START Dataset records

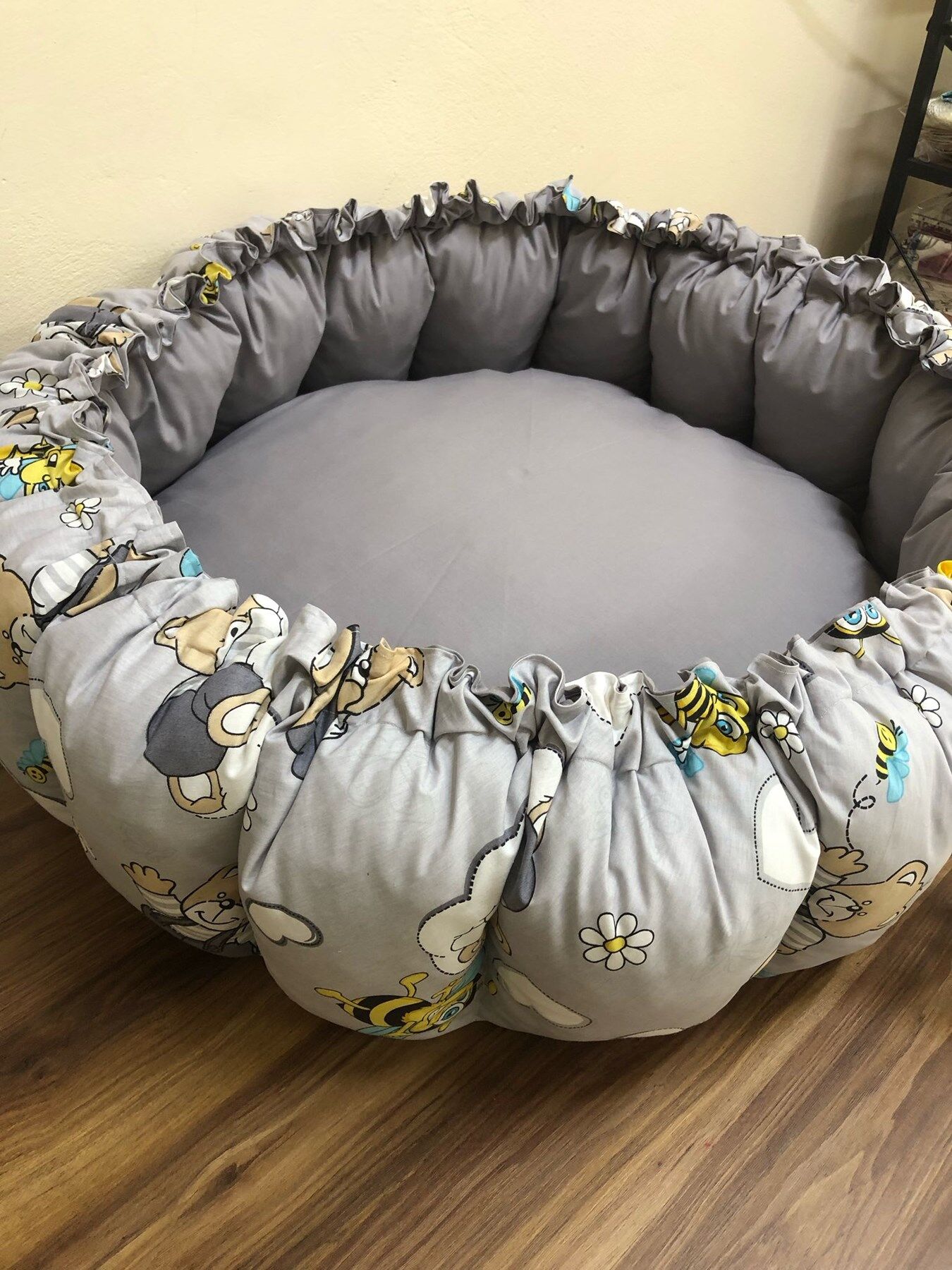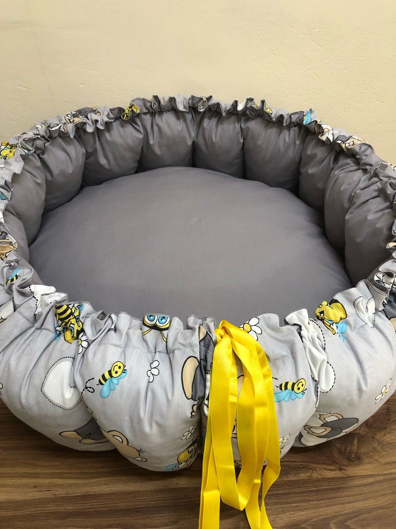 GRİ-AYICIK DESENLİ BEBEK YATAĞI , OYUN MİNDERİ
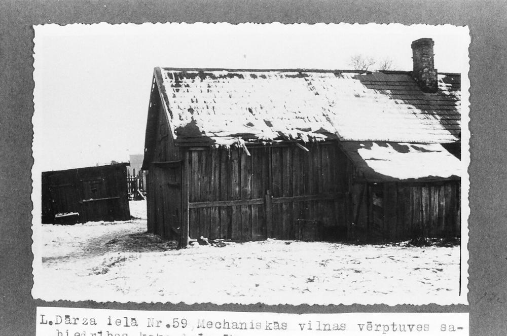 Daugavpils atjaunojamo un nojaucamo būvju skati. Mehāniskās vilnas vērptuves sabiedrībai piederošā koka dzīvojamā ēka Lielā Dārza ielā 59.
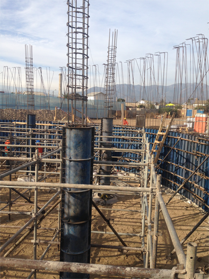 Estructura de andamios para colocación de moldajes y enfierraduras
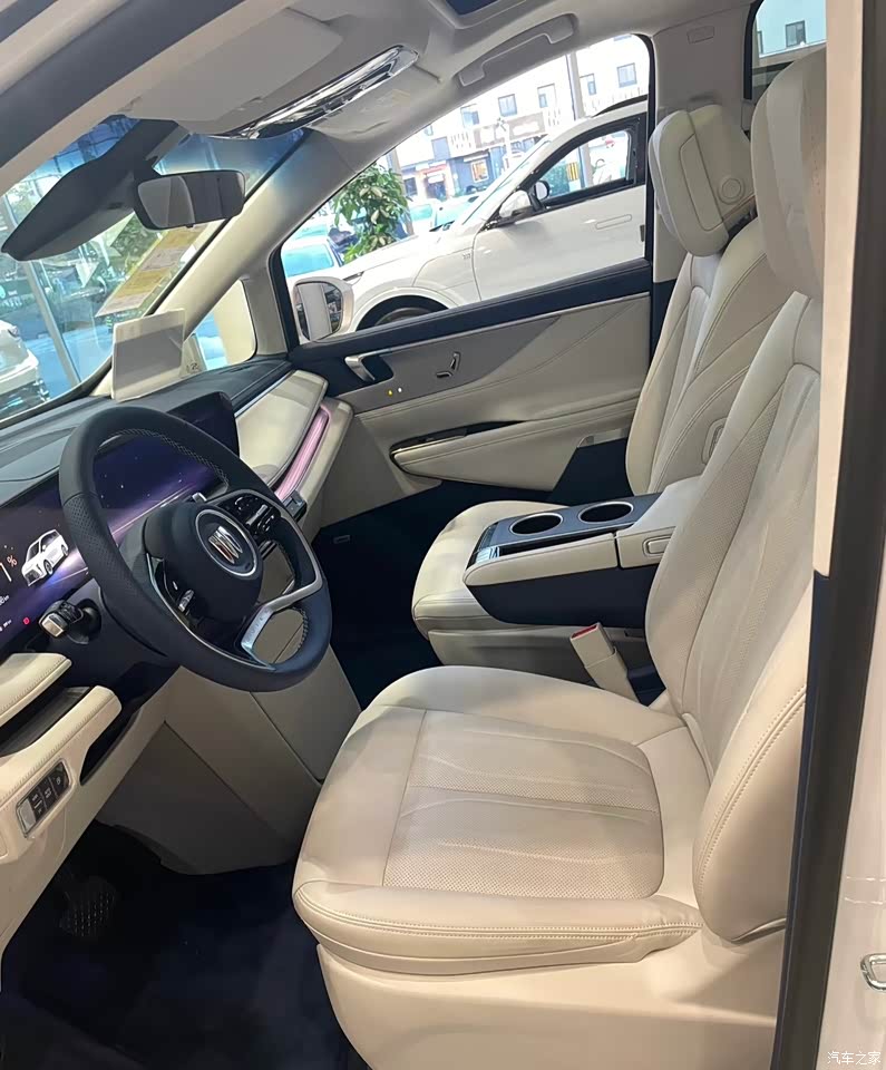 驾驶舱宽敞明亮,二排采用全新羽感航空座椅,对骨架、材质、功能进行全面升级,具备六向航空头枕、四向电动腰托、电动腿托等功能,乘坐体验舒适;三排空间表现良好,过道宽敞,上下车方便,长途乘坐无压力 。
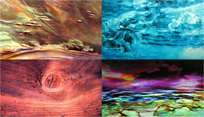 특히 쉽게 지나쳐 버릴 수 있는 전복 껍질도 작가의 상상력을 자극했다. 전복 껍질이 띠고 있는 물결 무늬와 강한 진주 광택은 작가의 손길에 의해 캔버스 위에서 새로운 세계로 재탄생했다. 그저 알맹이가 없는 껍데기에 지나지 않았던 사물이 '하늘 연못'이 되었고 '파라다이스'와 '마법의 산'이 되었으며 '바다의 유혹'과 '끝없는 기다림'을 이야기했다.
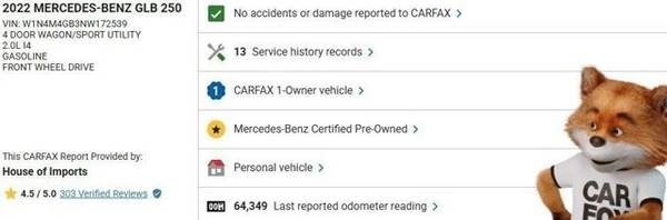 The following items have been reconditioned on this vehicle: new brakes and new pair of tires! * Premium Package * Garage Door Opener * Wheel Locking Bolts * Keyless Start * Rear Spoiler * Black Headliner * Black; Mb-Tex Upholstery * Polar White * Spiral Look Trim * Wheels: 7.5J X 18" Twin 5-SpokeThis vehicle includes a Money-Back Guarantee* and passed our precise inspection process. Best of all the price you see is the price you pay. No haggling. No back and forth. No pressure. And this price is so good it is guaranteed. *Money-Back Guarantee is valid for 5 days or 250 miles, whichever comes first. Subject to certain terms and conditions. See store for details. Some restrictions apply.This Mercedes-Benz GLB GLB 250 has a tough exterior complemented by a well-designed interior that offers all the comforts you crave. The Mercedes-Benz GLB GLB 250 is economically and environmentally smart. Mercedes-Benz clearly delivers on its promise to provide a fuel-efficient vehicle that has the great qualities you need in a vehicle. Based on the superb condition of this vehicle, along with the options and color, this Mercedes-Benz GLB GLB 250 is sure to sell fast. A truly breathtaking example of pure vehicle design achievement...this is the vehicle of your dreams!
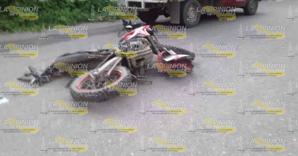 Se trata de una motocicleta de color roja, cuyo conductor, presuntamente al viajar a exceso de velocidad, perdió el control de dicha unidad de dos ruedas y esto provocó que chocara contra una camioneta pasajera de color rojo con lona azul.
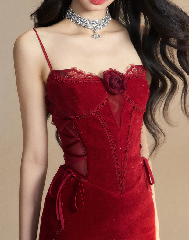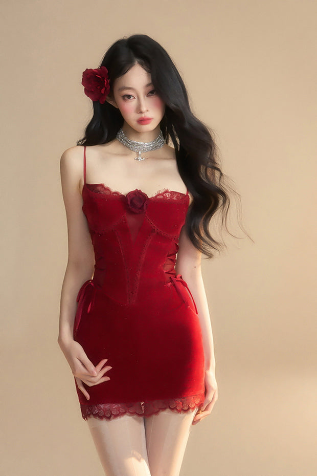 Scarlet red lace and sheer panels combine for a dangerously seductive look. Accented with corset details and a bold rose, this piece is made to steal the spotlight.
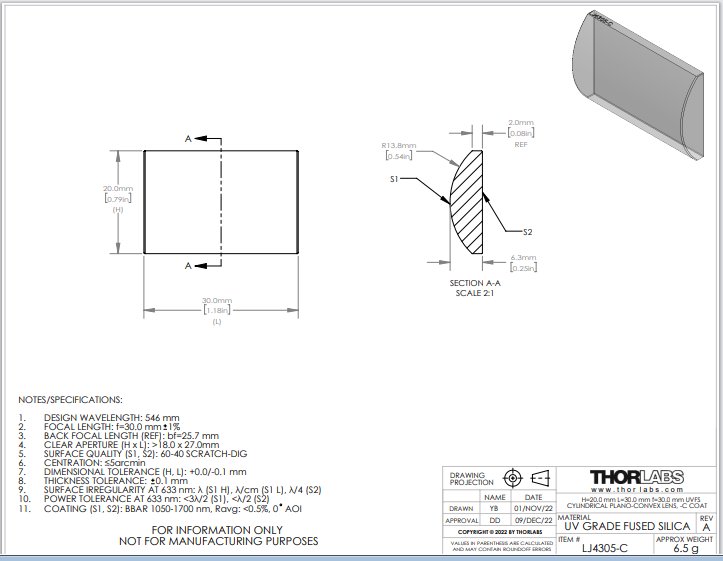 Thorlabs索雷博 LJ4305-C 平凸柱面透镜
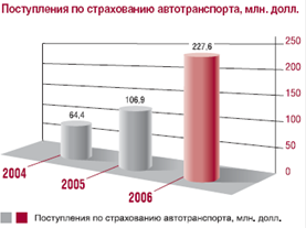 Рис. 11. Общие поступления премий и взносов по автотранспорту. В программу «автокредит» входят такие страховые продукты, как: - ОСАГО; - КАСКО. ОСАГО - это обязательное страхование автогражданской ответственности владельцев транспортных средств. Т.е. в случае ДТП, вне зависимости от того, кто был виновен, страховая компания покрывает убытки по причиненному ущербу имуществу или жизни и здоровью потерпевшего.
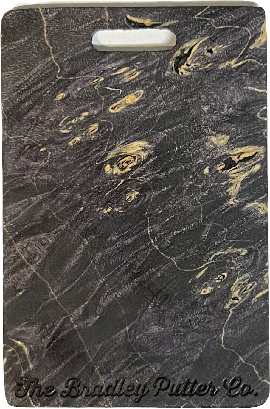 Add a splash of color to your golf bag with a Bradley bag tag. During the putter manufacturing process, there are often small pieces removed from the wood block during the shaping. These are then cut down to size, laser engraved to shape, and sanded by hand to remove the black scorch marks from the laser. They are then polished with a UV coating, and are now ready for your personalization. You are purchasing this exact piece, not one that will just look like it. Customize it further with your name, and even add a small single color image on the back.
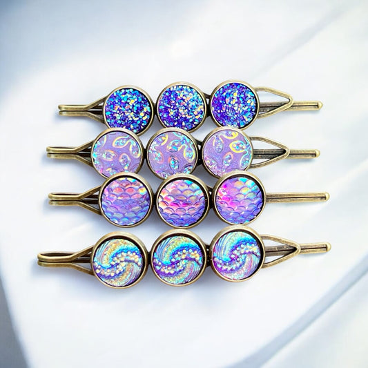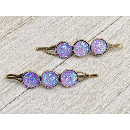 Purple Druzy Hair Pins: Set of 4 Stylish Accessories with Unique Patterns

END Dataset records

Leave out the pictures. Return exactly the lines from the first line of the records to the line bearing "驾驶舱宽敞明亮,二排采用全新", inclusive.

- **Output below**:
 GRİ-AYICIK DESENLİ BEBEK YATAĞI , OYUN MİNDERİ
 Daugavpils atjaunojamo un nojaucamo būvju skati. Mehāniskās vilnas vērptuves sabiedrībai piederošā koka dzīvojamā ēka Lielā Dārza ielā 59.
 Estructura de andamios para colocación de moldajes y enfierraduras
 驾驶舱宽敞明亮,二排采用全新羽感航空座椅,对骨架、材质、功能进行全面升级,具备六向航空头枕、四向电动腰托、电动腿托等功能,乘坐体验舒适;三排空间表现良好,过道宽敞,上下车方便,长途乘坐无压力 。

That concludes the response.